Утирая слёзы умиления, продолжала: “Тут только из хаты выйдешь, сразу услышишь: “Как живешь, Николаевна?”, а там никто никому не нужен, все сидят в своих машинах с тёмными стеклами, в чёрных очках. Молчат. Глухая страна. Тьфу! Ску-учно!”
Контрабас
То ли из Сещи в Брянск, то ли из Брянска в Полпино шёл привычно шумный и переполненный автобус.
На последнем ряду примостился мужчина с контрабасом, придерживая инструмент за «талию».
Крикливая кондукторша, из тех, что в каждом пассажире видит злейшего врага и которой больше бы пристало десантироваться в тылу врага с автоматом Калашникова, чем обилечивать мирных жителей, мертвой хваткой бульдога вцепилась в него: “Платите за багаж!”
Музыкант, или кто он там, наотрез отказался: “Не буду! Это не багаж, а музыкальный инструмент”. Она же неотвязно требовала оплаты.
Мужик, сидевший напротив контрабасиста с несколькими секциями яиц, перевязанных бечёвкой, стал заступаться за попутчика, но это только подзадоривало билетёршу, и она, вихляя тощими бедрами в поношенных джинсах, двинулась по проходу к водителю, чтобы посоветоваться с ним, как лучше обвести интеллигента.
За время их беседы любитель яиц вышел на остановке, а на его место сел другой пассажир. Кондукторша вернулась и, не глядя на нового пассажира, с удвоенной энергией взялась за владельца контрабаса. Тот стоял на своём, и теперь уже новый попутчик стал защищать соседа от нападок настойчивой кондукторши.

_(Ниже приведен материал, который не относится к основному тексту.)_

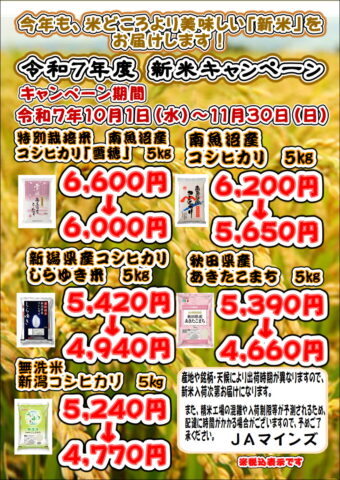 令和7年11月30日(日)まで、各金融店舗やマインズショップ各店にて、新米キャンペーンを実施中です!

Она, позеленев от злости, выпалила: “А вы, мужчина с яйцами, вообще молчите, иначе тоже уплатите за свои яйца!”. Тот ошалело посмотрел на озверевшую бабу и удивлённо спросил: “Послушайте, что мои яйца тяжелее контрабаса?”
Тут в салоне раздался такой гомерический хохот всех пассажиров, что даже наша злыдня оскалила зубки, изобразив подобие улыбки.
Аспиды
Встретились в электричке две знакомые женщины, которых давно судьба раскидала далеко друг от друга, и, как это часто бывает, разговорились.
Одна из них оказалась такой интересной рассказчицей, что чуть ли не весь вагон прислушивался к её весёлому говору и покатывался со смеху. А она будто бы и говорила на публику…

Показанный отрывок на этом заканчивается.